Stored records:
************

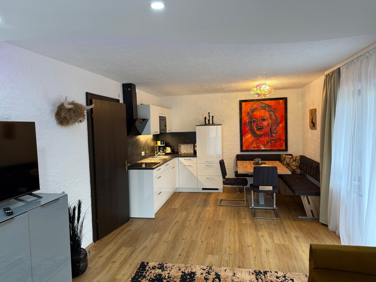 Ifulethi elihle le-penthouse ngesitayela sesimanje se-alpine ku-Tefelder plateau. Ifulethi elithokomele, elithulile esitezi sokugcina lenzelwe abantu abangaba ngu-4 ngokunethezeka. Inendawo yokuphumula ekhanyayo enekhishi lesimanje elinakho konke, amakamelo amabili okulala, izindlu zokugezela ezimbili, ukushisa phansi, i-Wi-Fi yamahhala kanye nethala elikhulu kakhulu langasese. Ukusuka lapho ungajabulela ukubukwa okumangalisayo kwezintaba nesigodi sase-Inn, kokubili ehlobo nasebusika.
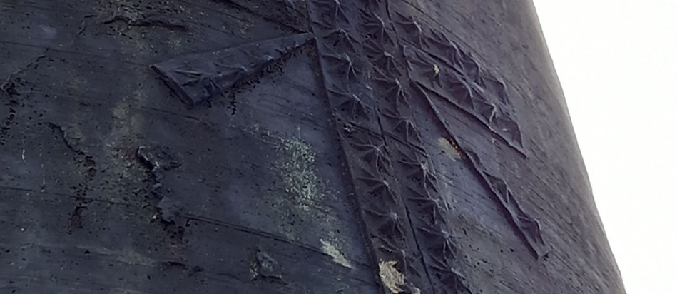 En el pie tiene marcas del martillo antiguo del reloj y otra marca de un martillo anterior orientada al Oeste.
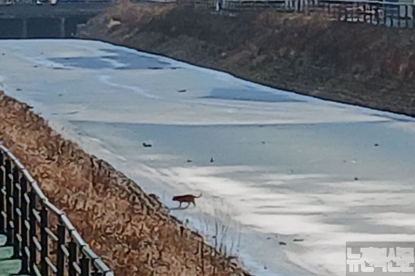1일 오후 얼어붙은 하천 위를 동물이 지나가고 있다.
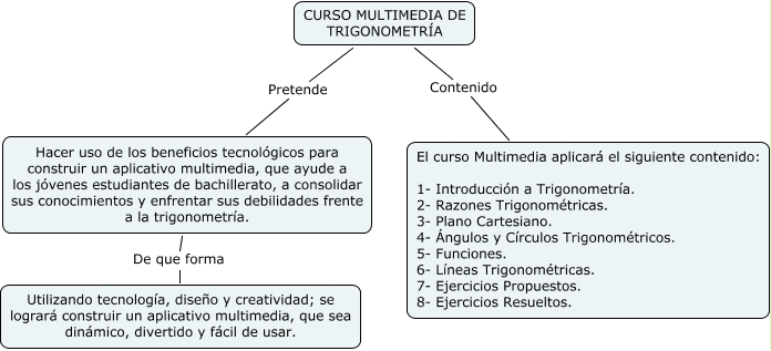 Este Cmap, tiene información relacionada con: CM-fagace-CursoTrigonometria, Hacer uso de los beneficios tecnológicos para construir un aplicativo multimedia, que ayude a los jóvenes estudiantes de bachillerato, a consolidar sus conocimientos y enfrentar sus debilidades frente a la trigonometría. De que forma Utilizando tecnología, diseño y creatividad; se logrará construir un aplicativo multimedia, que sea dinámico, divertido y fácil de usar., CURSO MULTIMEDIA DE TRIGONOMETRÍA Contenido El curso Multimedia aplicará el siguiente contenido: 1- Introducción a Trigonometría. 2- Razones Trigonométricas. 3- Plano Cartesiano. 4- Ángulos y Círculos Trigonométricos. 5- Funciones. 6- Líneas Trigonométricas. 7- Ejercicios Propuestos. 8- Ejercicios Resueltos., CURSO MULTIMEDIA DE TRIGONOMETRÍA Pretende Hacer uso de los beneficios tecnológicos para construir un aplicativo multimedia, que ayude a los jóvenes estudiantes de bachillerato, a consolidar sus conocimientos y enfrentar sus debilidades frente a la trigonometría.
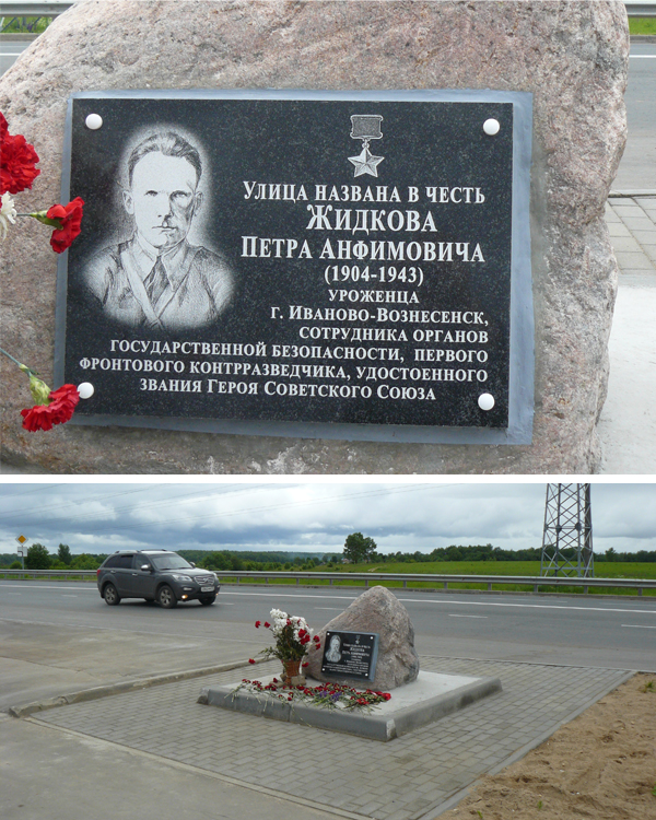 Жидков Петр Анфимович - оперуполномоченный отделения контрразведки "СМЕРШ" мотострелкового батальона 71-й механизированной бригады 9-го механизированного корпуса 3-й гвардейской танковой армии 1-го Украинского фронта, старший лейтенант.
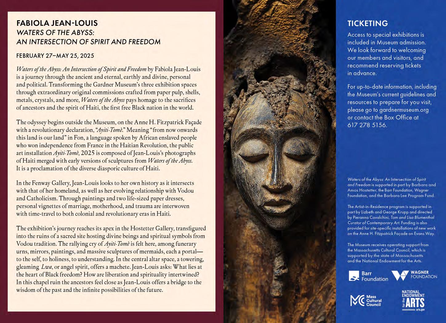 Multi-disciplinary artist Fabiola Jean-Louis’s captivating exhibition at the Isabella Stewart Gardner Museum invites visitors on a journey through the ancient and eternal, earthly and divine, personal and political. On view from February 27 – May 25, 2025, Waters of the Abyss: An Intersection of Spirit and Freedom by Fabiola Jean-Louis features original commissions from the Haitian artist, crafted from the stunningly intricate marriage of paper pulp, mineral stones, shells, metals, crystals, and more. Invoking the sanctity of Vodou and its role in Haitian liberation, these works will transform the Museum’s three rotating exhibition spaces, Hostetter Gallery; Fenway Gallery; and the Anne H. Fitzpatrick Façade, into a map of personal histories and a site of communion and spiritual portals.

************

Task brief: Print the lines from the beginning of the records up to and including the line containing "1일 오후 얼어붙은 하천 위를 동물이 지나가고 있다.", word for word, with no pictures.

Output of the task:
 Ifulethi elihle le-penthouse ngesitayela sesimanje se-alpine ku-Tefelder plateau. Ifulethi elithokomele, elithulile esitezi sokugcina lenzelwe abantu abangaba ngu-4 ngokunethezeka. Inendawo yokuphumula ekhanyayo enekhishi lesimanje elinakho konke, amakamelo amabili okulala, izindlu zokugezela ezimbili, ukushisa phansi, i-Wi-Fi yamahhala kanye nethala elikhulu kakhulu langasese. Ukusuka lapho ungajabulela ukubukwa okumangalisayo kwezintaba nesigodi sase-Inn, kokubili ehlobo nasebusika.
 En el pie tiene marcas del martillo antiguo del reloj y otra marca de un martillo anterior orientada al Oeste.
1일 오후 얼어붙은 하천 위를 동물이 지나가고 있다.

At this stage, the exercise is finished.